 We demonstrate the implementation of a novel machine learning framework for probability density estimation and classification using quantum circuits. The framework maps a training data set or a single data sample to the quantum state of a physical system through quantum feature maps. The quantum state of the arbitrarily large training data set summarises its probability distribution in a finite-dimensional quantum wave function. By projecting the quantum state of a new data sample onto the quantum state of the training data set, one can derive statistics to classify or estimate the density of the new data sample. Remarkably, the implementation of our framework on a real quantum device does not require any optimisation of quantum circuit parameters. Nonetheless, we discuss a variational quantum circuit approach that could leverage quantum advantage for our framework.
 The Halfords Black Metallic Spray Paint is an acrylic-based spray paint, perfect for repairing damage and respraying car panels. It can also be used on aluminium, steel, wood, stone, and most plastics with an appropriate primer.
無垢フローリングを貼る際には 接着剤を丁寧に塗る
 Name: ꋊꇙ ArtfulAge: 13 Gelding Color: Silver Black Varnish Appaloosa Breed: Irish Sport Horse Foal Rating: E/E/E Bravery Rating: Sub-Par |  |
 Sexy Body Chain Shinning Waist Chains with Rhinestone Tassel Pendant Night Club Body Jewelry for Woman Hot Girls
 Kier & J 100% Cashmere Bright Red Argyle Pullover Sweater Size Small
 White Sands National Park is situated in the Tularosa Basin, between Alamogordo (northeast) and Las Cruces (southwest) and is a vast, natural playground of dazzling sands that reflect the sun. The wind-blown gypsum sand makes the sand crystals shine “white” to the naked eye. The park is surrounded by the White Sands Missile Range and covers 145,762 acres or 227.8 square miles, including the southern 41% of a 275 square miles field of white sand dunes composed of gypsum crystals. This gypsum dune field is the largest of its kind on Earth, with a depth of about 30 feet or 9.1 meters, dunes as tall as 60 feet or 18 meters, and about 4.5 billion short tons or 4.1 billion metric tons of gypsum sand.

————————

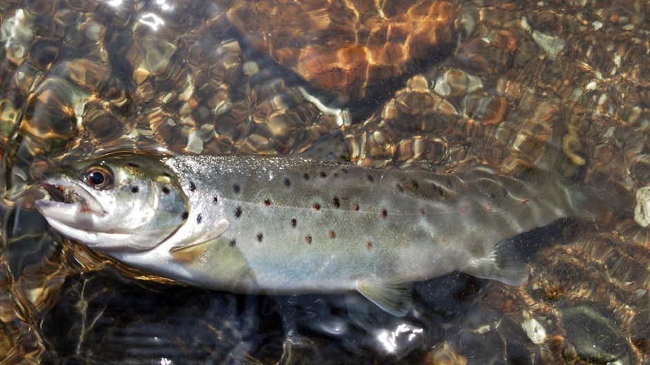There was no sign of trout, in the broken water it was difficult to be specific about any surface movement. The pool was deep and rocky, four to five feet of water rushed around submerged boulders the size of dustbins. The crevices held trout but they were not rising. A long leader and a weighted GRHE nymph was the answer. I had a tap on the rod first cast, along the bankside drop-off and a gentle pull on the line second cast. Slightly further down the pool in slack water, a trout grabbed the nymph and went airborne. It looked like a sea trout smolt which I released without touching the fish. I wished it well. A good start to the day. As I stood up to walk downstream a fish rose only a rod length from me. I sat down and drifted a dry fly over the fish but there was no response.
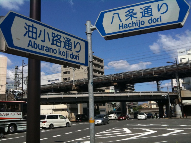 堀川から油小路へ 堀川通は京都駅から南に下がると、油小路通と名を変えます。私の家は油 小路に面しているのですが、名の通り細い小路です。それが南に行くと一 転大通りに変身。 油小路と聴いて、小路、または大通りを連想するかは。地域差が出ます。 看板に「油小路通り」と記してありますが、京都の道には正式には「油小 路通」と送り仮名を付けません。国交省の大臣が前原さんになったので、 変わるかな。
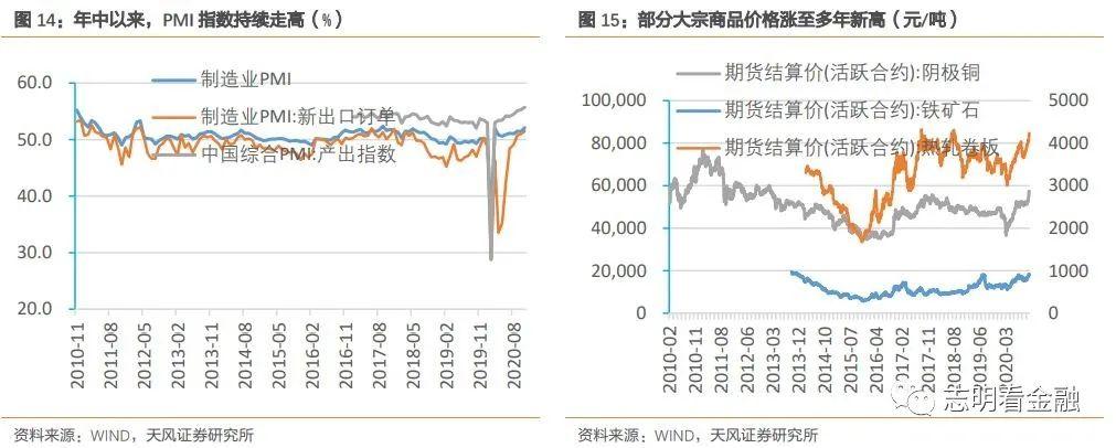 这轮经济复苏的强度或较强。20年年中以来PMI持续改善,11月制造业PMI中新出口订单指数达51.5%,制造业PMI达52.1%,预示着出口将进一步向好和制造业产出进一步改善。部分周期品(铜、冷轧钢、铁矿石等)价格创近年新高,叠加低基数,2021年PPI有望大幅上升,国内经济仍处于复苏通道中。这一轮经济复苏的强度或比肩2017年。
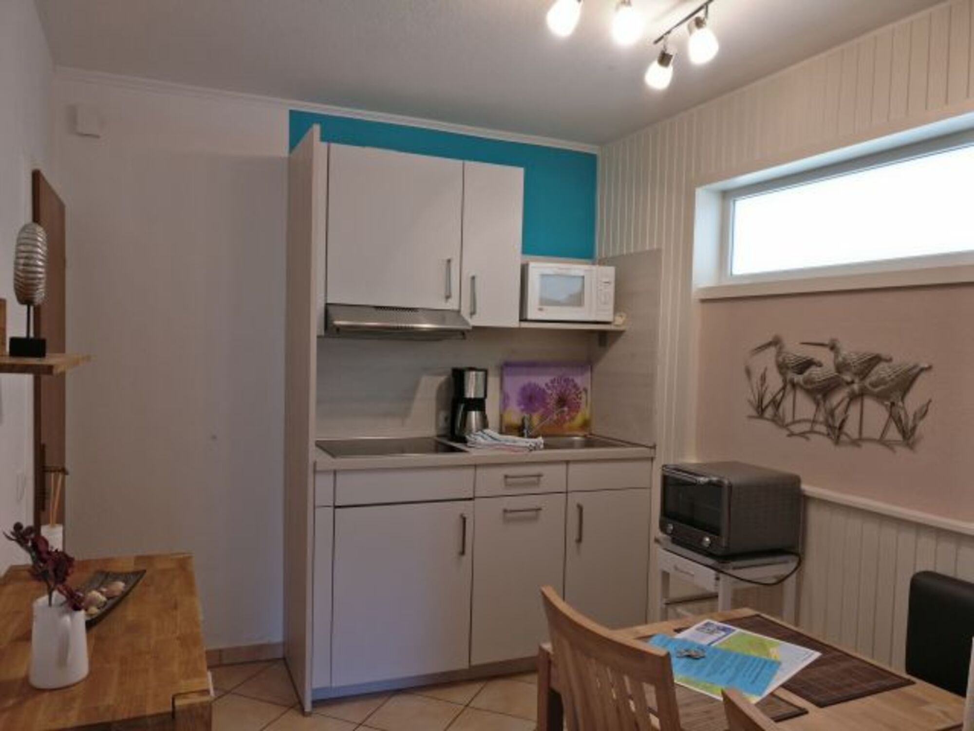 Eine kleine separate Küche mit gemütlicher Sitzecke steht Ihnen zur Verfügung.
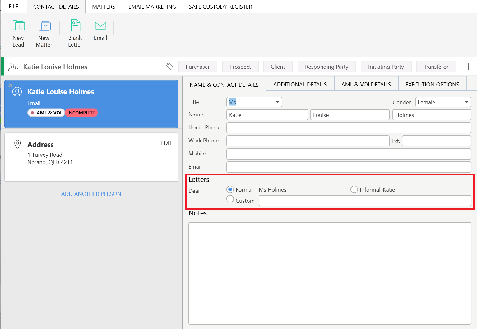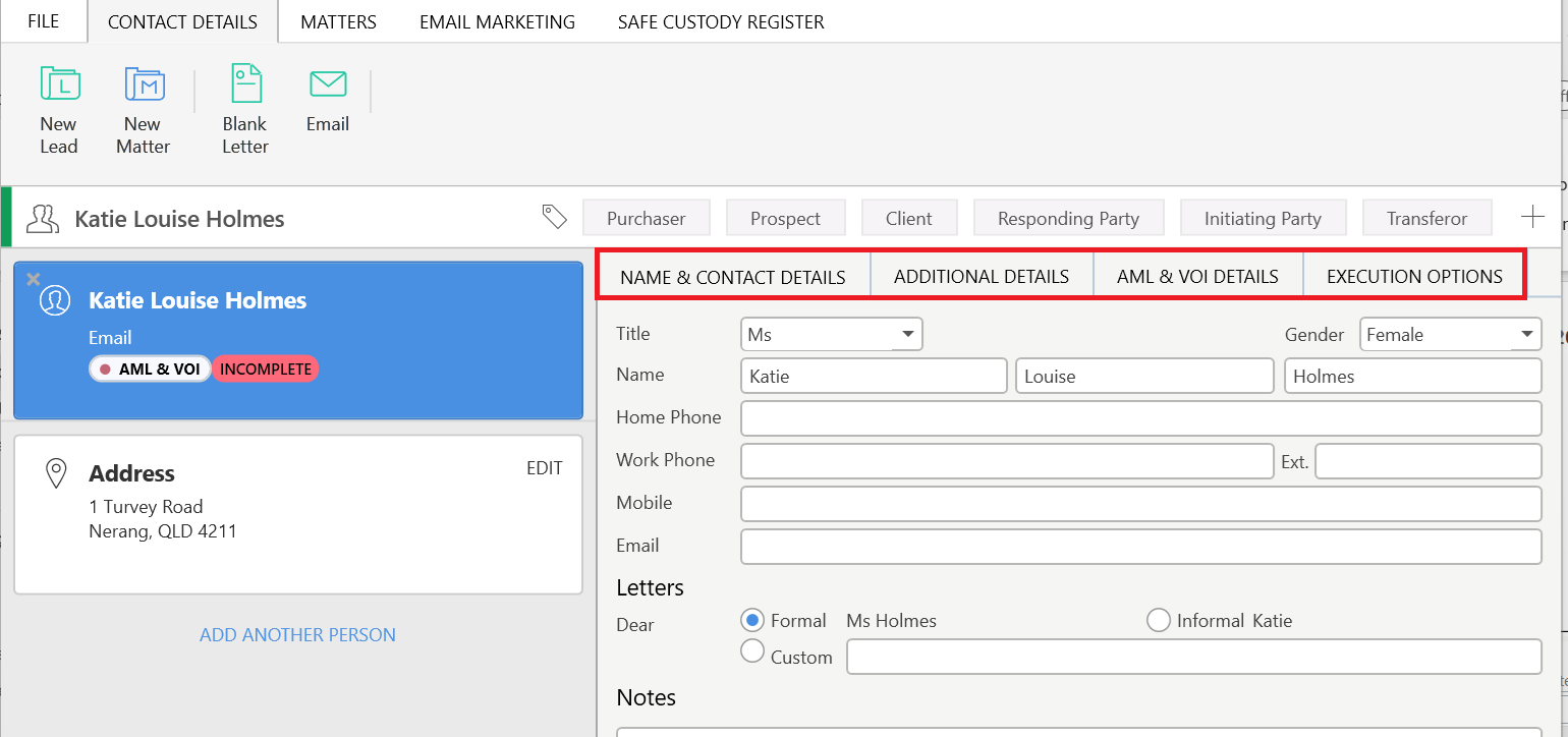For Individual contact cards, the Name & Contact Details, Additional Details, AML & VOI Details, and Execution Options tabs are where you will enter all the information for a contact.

————————

In the records above, find each line holding "Black" and copy it.

__Exercise response__
 The Halfords Black Metallic Spray Paint is an acrylic-based spray paint, perfect for repairing damage and respraying car panels. It can also be used on aluminium, steel, wood, stone, and most plastics with an appropriate primer.
 Name: ꋊꇙ ArtfulAge: 13 Gelding Color: Silver Black Varnish Appaloosa Breed: Irish Sport Horse Foal Rating: E/E/E Bravery Rating: Sub-Par |  |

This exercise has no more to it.